-- PROMPT --
Return only those lines of the records below in which "hành" appears.

[Collected data entries]
◇ ◇ ◇ ◇ ◇

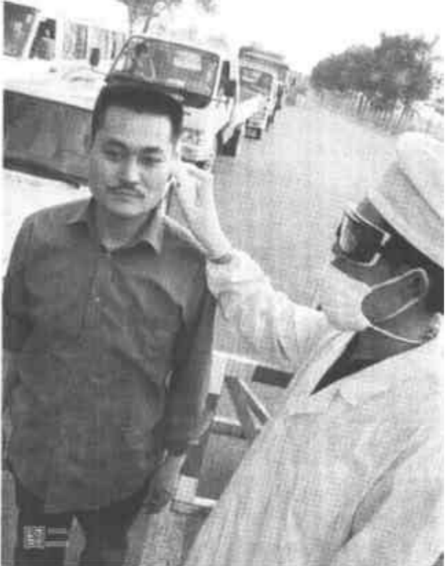
图一：对外来人员进行重点检测、登记、跟踪。 图二：检测人员使用德国博郎一秒体温计对进入我市人员逐一进行检查。（记者 崔丽英 摄）

辛店街道还采纳区政协建议，结合“双创”活动，及时总结推广经验，在全街道开展了“环境卫生治理”活动，各社区居委会整顿调整了卫生保洁站，实现了横到边、纵到底、无空隙保洁组织网络。区直城管部门则加大了对城居卫生管理监督力度，推进了全市“双创”工作的开展。（潘力 黄岗）
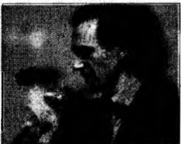
Ralph Fiennes

După ce a dezmințit aceste zvonuri, Fiennes a refuzat să mai facă vreun comentariu pe această temă. „Va da în judecată ziarul. Nu este nimic adevărat din ceea ce s-a scris în articolul respectiv. Este pur și simplu un caz de denigrare personală”, a declarat un bun prieten al lui Fiennes.
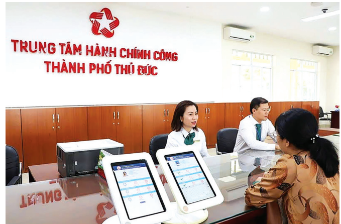
Người dân thực hiện các thủ tục hành chính tại Trung tâm Hành chính công TP Thủ Đức.

Đối với chỉ số CCHC cấp tỉnh được cấu trúc thành 8 lĩnh vực đánh giá, 43 tiêu chí, 102 tiêu chí thành phần cụ thể: Công tác chỉ đạo, điều hành CCHC: 6 tiêu chí và
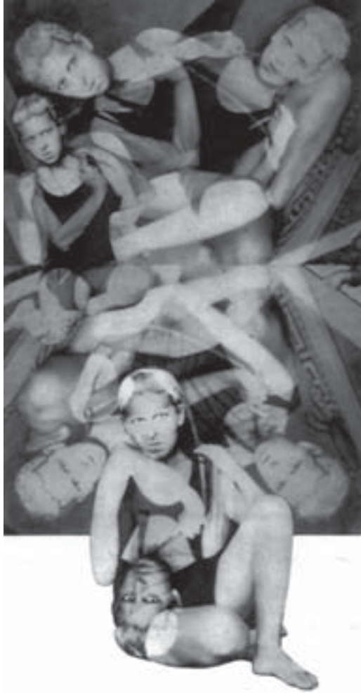
Fig. 7. Claude Cahun, Marcel Moore, Aveux non avenues, Tableau IX , Photomontage, 1929-1930, Éditions du Carrefour, Paris.

Le mythe de Narcisse est partout. Il nous hante. Il a sans cesse inspiré ce qui perfectionne la vie, depuis le jour fatal où fut captée l'onde sans ride. Car l'invention du métal poli est d'une claire étymologie narcissienne. Le bronze — l'argent — le verre : nos miroirs sont presque parfaits. (ANA, p. 38)
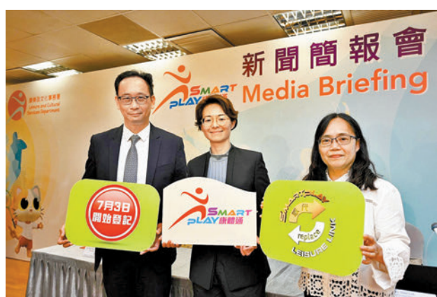
康文署介紹全新智能康體服務預訂資訊系統SmartPLAY,並示範操作智能自助服務站和流動應用程式。

未滿11歲而並未持有香港身份證的人士,遞交網上申請時則需要上載個人身份證明文件,例如持有香港出世紙的兒童可帶同其香港出世紙正本親身到各區設有訂場櫃檯的康樂場地辦理認證手續;如持有簽證身份書、回港證或前
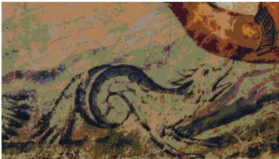
Рис. 6. Изображение похожего на «гиппокампа» водного существа на миниатюре Киевской псалтири
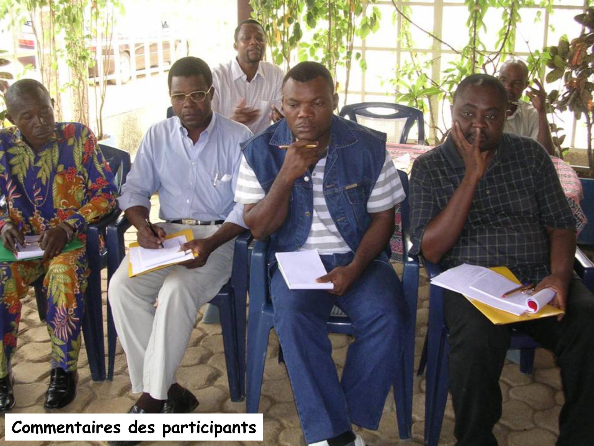
Commentaires des participants

◇ ◇ ◇ ◇ ◇

-- TASK RESULT --
Người dân thực hiện các thủ tục hành chính tại Trung tâm Hành chính công TP Thủ Đức.
Đối với chỉ số CCHC cấp tỉnh được cấu trúc thành 8 lĩnh vực đánh giá, 43 tiêu chí, 102 tiêu chí thành phần cụ thể: Công tác chỉ đạo, điều hành CCHC: 6 tiêu chí và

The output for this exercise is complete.